- Dataset content:
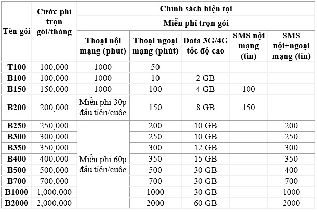 Thông tin tóm tắt về 1 số gói cước trả sau:
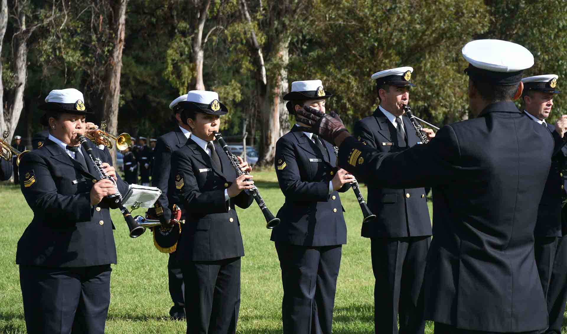 El ingreso de la Bandera de Guerra del Comando de Adiestramiento y Alistamiento de la Armada marcó el inicio de la ceremonia, que continuó con la entonación de las estrofas del Himno Nacional Argentino ejecutado por la Banda de Música de la BNPB.
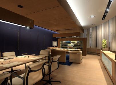 Место руководителя организовано, как и в первом случае, с Т-образным столом и креслами по сторонам брифа. Пол акцентирован темно-синим ковром, в этот же цвет окрашена продольная стена. Насыщенный синий – благородное дополнение к природной гамме интерьера.

- Task to carry out: The material above must be set down word for word, with no picture carried over.

- Answer to this task:
 Thông tin tóm tắt về 1 số gói cước trả sau:
 El ingreso de la Bandera de Guerra del Comando de Adiestramiento y Alistamiento de la Armada marcó el inicio de la ceremonia, que continuó con la entonación de las estrofas del Himno Nacional Argentino ejecutado por la Banda de Música de la BNPB.
 Место руководителя организовано, как и в первом случае, с Т-образным столом и креслами по сторонам брифа. Пол акцентирован темно-синим ковром, в этот же цвет окрашена продольная стена. Насыщенный синий – благородное дополнение к природной гамме интерьера.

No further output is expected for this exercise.